[10] "Here is M. Barba's statement—
"I think I remember (it is more than two years ago) that half the purchase money of La Tour de Nesle was given, in cash, to M. Dumas on his saying that that was agreed upon with M. Gaillardet, which the latter denied. He was then obliged by the terms of our agreement to accept my note for his share.
BARBA '29 August 1834'
[11] "'You have written Struensee!' he says to me. Does M. Dumas think to prove by that that I have done nothing in La Tour de Nesle? He forgets, then, that he, too, has written also La Chasse et l'Amour, La Noce et l'Enterrement? (who has heard these plays mentioned?) Then the wretched Napoléon, which has had two Waterloos, dragging with it in its second the downfall of the Odéon and of M. Harel! then, immediately after La Tour de Nesle, Le Fils de l'Émigré, which had three performances with M. Anicet; Angèle, which had thirty with M. Anicet; La Vénitienne, which had twenty with M. Anicet; Catherine Howard, which has had fifteen without M. Anicet?

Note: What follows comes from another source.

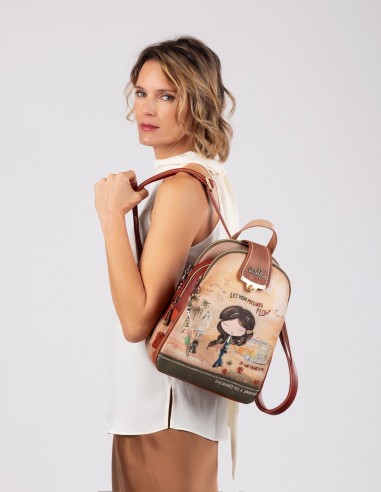 Motxilla Triple Compartiment Anekke - Peace & Love Camel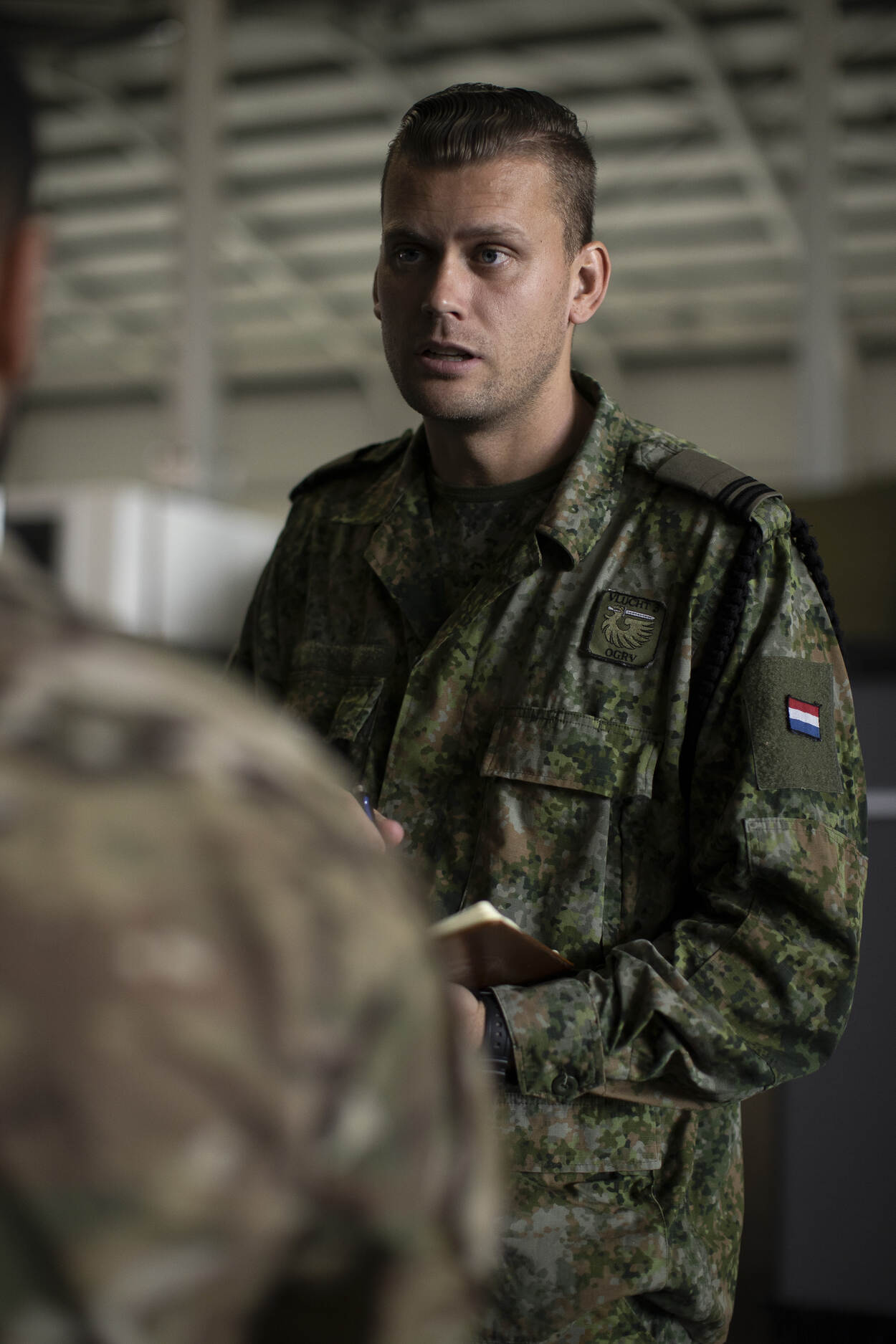 Brian: “We zijn blij hier te zijn. Dit zou een unieke missie kunnen worden. Je gooit hier verschillende eenheden van diverse krijgsmachtdelen in een pressure cooker. Waar wrijving zou kunnen ontstaan, ontstaat juist synergie en een win-win situatie omdat iedereen zijn eigen specialisme op de juiste manier kan inzetten. Natuurlijk is dat uitdagend. Moet je ineens met mariniers gaan samenwerken. Dat gaat echter heel goed. Iedereen weet precies wat hij wel, of juist niet moet doen.”

Are we really to suppose that M. Dumas is not therefore the author of the beauties of Antony, of Henri III., and of Christine? It has surely been said so here and there, and even partly proved! Perhaps it is to this that I owe M. Dumas's attack? But he need not be anxious: I shall never write a Gaule et France and certainly not a Madame et la Vendée.
[CHAPTER V]
Sword and pistol—Whence arose my aversion to the latter weapon—Philippe's puppet—The statue of Corneille—An autograph in extremis—Le bois de Vincennes—A duelling toilet—Scientific question put by Bixio—The conditions of the duel—Official report of the seconds—How Bixio's problem found its solution
I had wished the duel to be one with swords; M. Gaillardet insisted it should be with pistols. I have a strong repugnance to that weapon; it seems to me brutal and more that of a highway robber, who attacks a traveller from the shelter of a wood, than that of the honourable combatant defending his life. The thing I dread most in pistol-duelling (but I have only fought twice with this weapon) is unskilfulness, much more than dexterity. Indeed, two or three years before the period in which the events I am relating took place—namely, before 1834—I had had a pistol-duel; I have not spoken of it, not being able to give the name of the man against whom I fought, nor to tell the reasons why I was fighting. In that duel, which took place at seven in the morning in the bois de Boulogne, in the neighbourhood of Madrid, my adversary and I were placed at twenty paces distance from one another. Lots were drawn as to who should fire first and the advantage fell to my adversary. I planted myself, with pistol loaded, at a distance of twenty paces and I waited for the firing with the muzzle of the barrel of my weapon in the air.